My original plan was to make them at around 180 cm tall at the shoulders, and 6.4 meters long, 2.8 meters of which is the tail.

They soar for most of the time, and can't quad launch, so they need an elevated point to take off, and use their flight muscles, typically for about 90 seconds, to gain altitude.

Flight muscles can't be optimized any further, though you can always attach more. Problem is, you need to reinforce everything else to be able to withstand the increased load. My idea is to use:

Spider silk

For the wing membrane and tendons. Spider Silk can have tensile strengths of 1,6 GPa, sure, supercotraction can potentially ruin it, but it is still too damn strong. You might wanna braid them, though. The elastic modulus is still kind of a problem.

Limpet teeth

At least their structure. Limpet tooth is nature's answer to short-fiber composites and can be equated to them. Bones could be structured this way. Tensile strength is 4.9 GPa, yay.

The question is if this reinforcing could work as intended. I have faith in goethite, but I'm unsure about the other. I'm mainly concerned about the wing. Would these reinforcements allow me to make it significantly larger?

Additional information

Storywise, dragons were designed creatures, and their creator spent several thousand years, according to some sources, creating them.

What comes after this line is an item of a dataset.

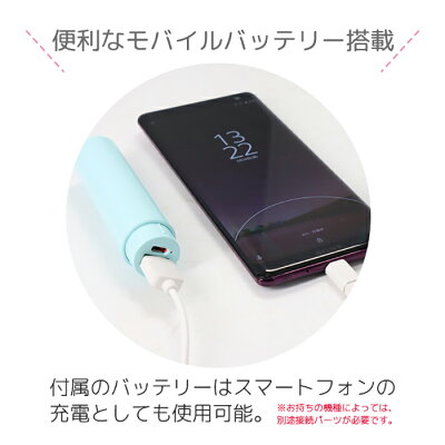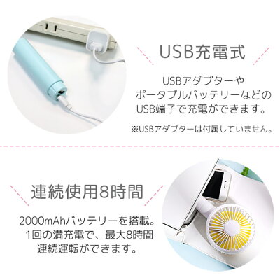 【商品詳細】サイズ(約):(本体)幅9.2×奥行き3.8×高さ20cm (スタンド)幅4×4.7×2cm重量(約):(本体)142g、(スタンド)16g電源方式:USB充電方式風速:(弱)2.71m/s、(中)3.77m/s、(強)4.47m/s連続使用時間:8時間(弱)充電時間:4時間(5V 1A時)出力:5V 1.2A定格容量:2000mAh材質:ABS、PP、シリコン付属品:USBケーブル、シリコンスタンド【送料について】北海道、沖縄、離島は別途送料を頂きます。
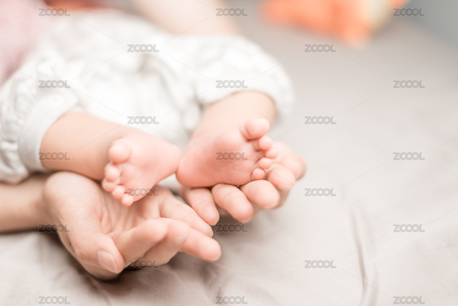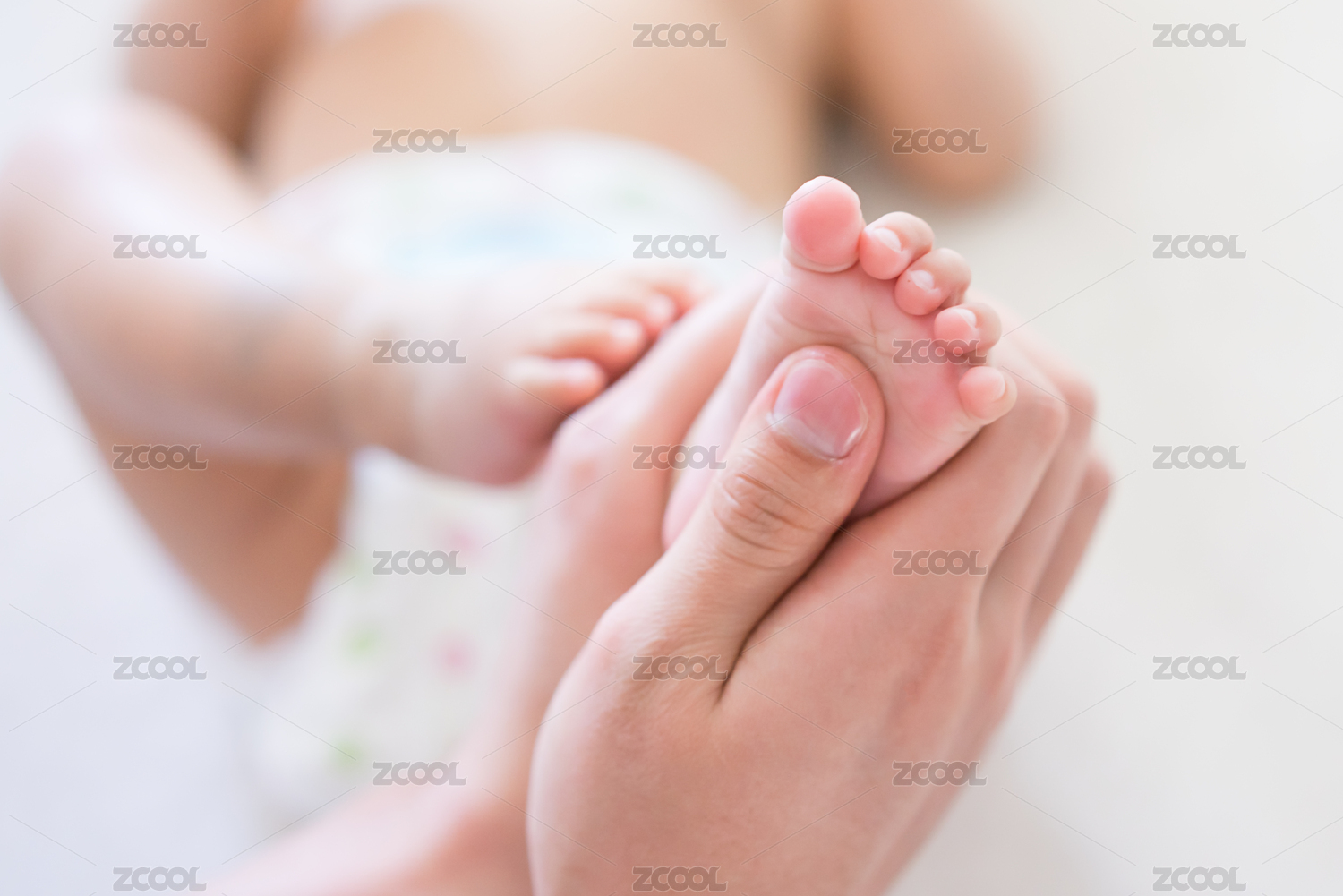 妈妈用手托住婴儿胖嘟嘟的小脚丫

Enhancements are both internal (wing bones, ribcage, tendons, ligaments) and external (wing membrane, and its attachment).

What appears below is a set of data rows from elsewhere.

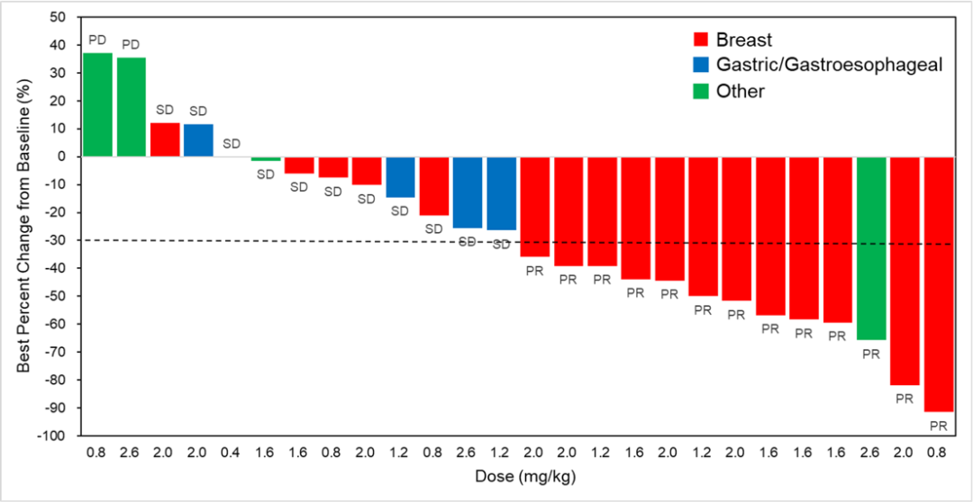 在入选的29名患者中,26名患者可评估初步抗肿瘤活性(图2)。在可评估的患者中,13例患者达到部分缓解(PR),11例患者病情稳定(SD)。
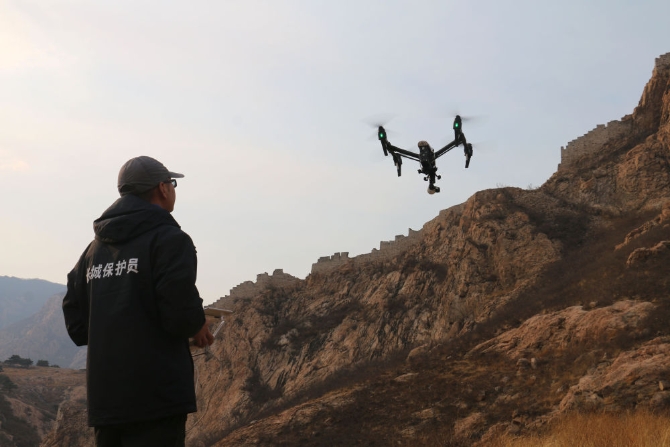 河北省秦皇岛市山海关区长城保护员张鹏用无人机巡查长城(2019年4月11日摄)。新华社发
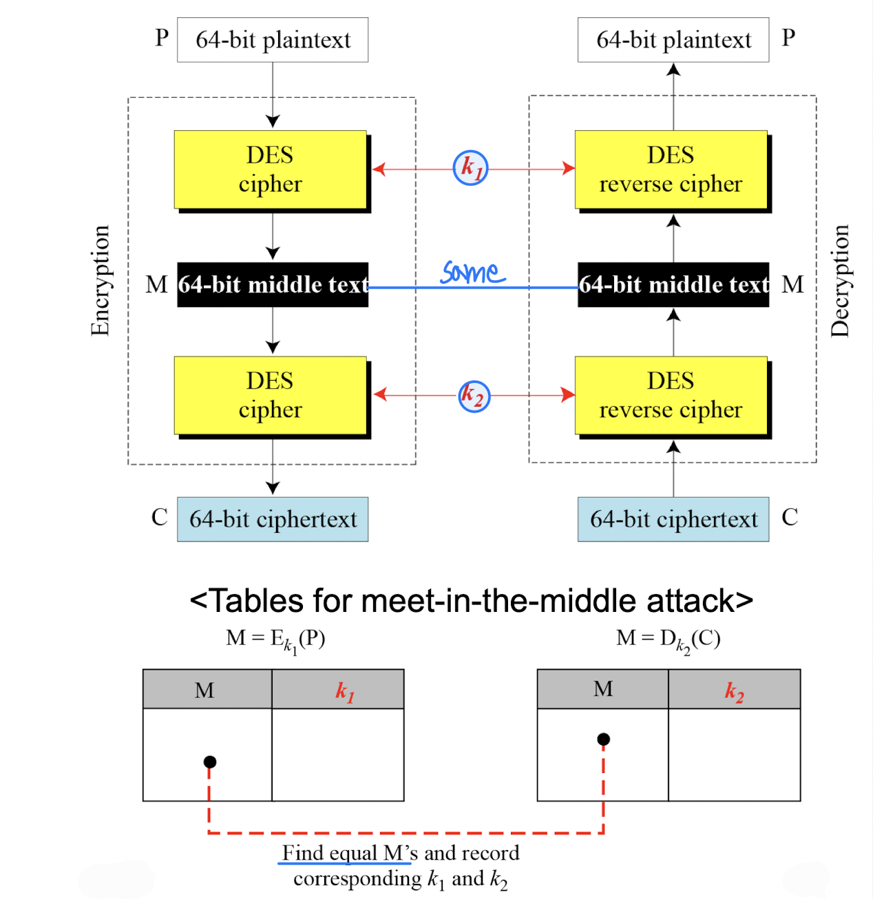 - Eve는 평문에도 정확히 10개의 1이 있다는 것을 안다. 1이 정확히 10개인 64비트 블록만 시도하면 된다.

For the sake of simplicity, and my own sanity, we're going to assume that the wing structure is similar to that of the Quetzalcoatlus northropi.

Answer 1

Quetzalcoatlus.

There is a lot of argument around whether the creature was preferably a glider, or a powered flyer but it is clear the the wing bones are significantly more robust than is required for walking.

Some even attribute the main wing bone as being used in a catapulting mechanism. This would quite likely be the strongest force exerted on the bone, even in many forms of active flight. The bone itself is hollow, but is reinforced by aligned supporting rods connecting the sides of the bone along the line of max force.

Similarly all pterodactyls, like modern day birds, have an enlarged sternum which serves to anchor the huge flight muscles. Supporting a wing span of 11-12metres which is certainly sufficient for around 100kg, maybe more.

The big question is how heavy is your Dragon?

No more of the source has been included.